Em seguida, dois valores considerados como constructos antecedentes parecem problemáticos. O Uniqueness Value, que é definido como indicador de exclusividade excepcional e escassez, parece mais relacionado ao Valor Social do que ao Valor Funcional, tal como apresentado no modelo conceitual proposto. Ora, se os autores afirmam que “um produto ou serviço de luxo é, por definição, não acessível para todo mundo e possuído por uma minoria – senão, não poderia ser entendido como um item de luxo” (WIEDMANN et al., 2007, p.7) –, tal definição está muito mais próxima de uma função social do luxo do que de suas propriedades funcionais. Em seguida, o Materialistic Value, constructo antecedente do Valor Individual, descrito como o grau em que os indivíduos atribuem um papel central às posses em suas vidas, a atitude positiva e a alta prioridade com relação à aquisição de posses materiais, é positivamente relacionado ao valor individual da percepção do valor do luxo. O problema desse quesito é que introduz um componente relativo ao consumidor (sua orientação e valores pessoais), enquanto o restante do modelo trata de características e dimensões referentes ao produto/serviço de luxo.

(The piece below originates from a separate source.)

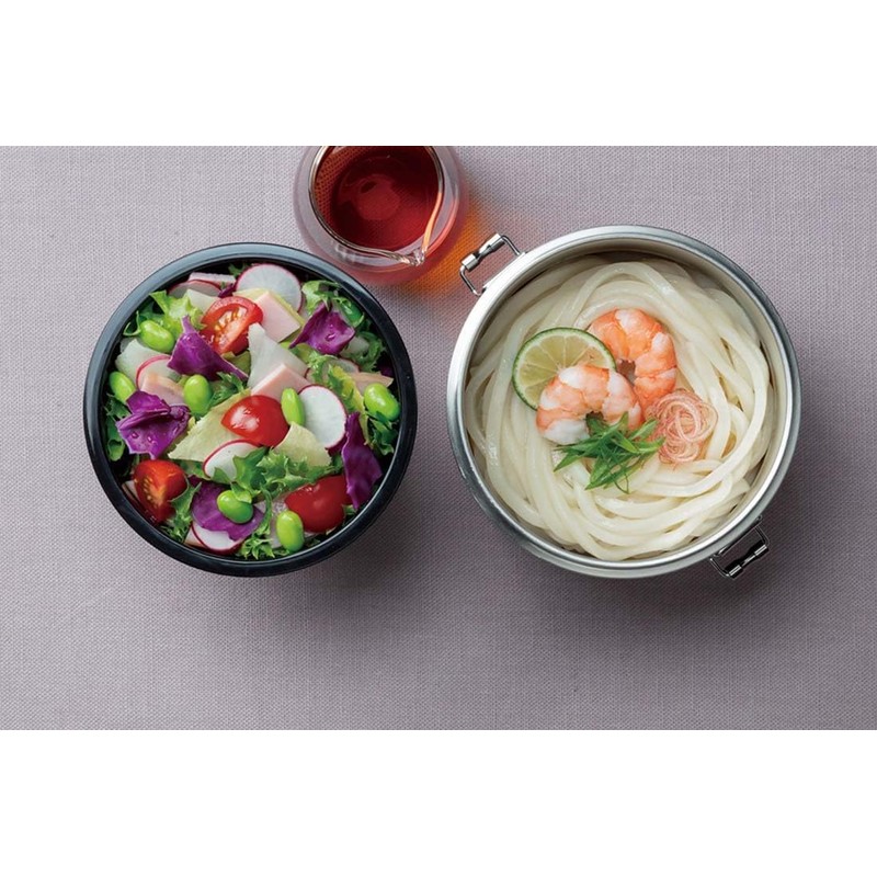 - Materials: body/lid: stainless steel (acrylic resin coating); closure: stainless steel; inner container/inner lid: polypropylene; seal: silicone rubber; base plate: elastomer

Seria mais adequado não misturar no mesmo modelo conceitual o valor percebido do produto com aquilo que é um valor intrínseco e individual da pessoa.

Por fim, o modelo proposto é do tipo reflexivo: nele, as subdimensões do Valor Percebido Total (Valor Financeiro, Valor Funcional, Valor Individual e Valor Social) não são concebidas como formativas, ou parte integrante do constructo, e sim como suas causas externas ou antecedentes (LIN, SHER & SHIH, 2005). Uma discussão sobre esse ponto encontra-se na Seção 3, mais adiante.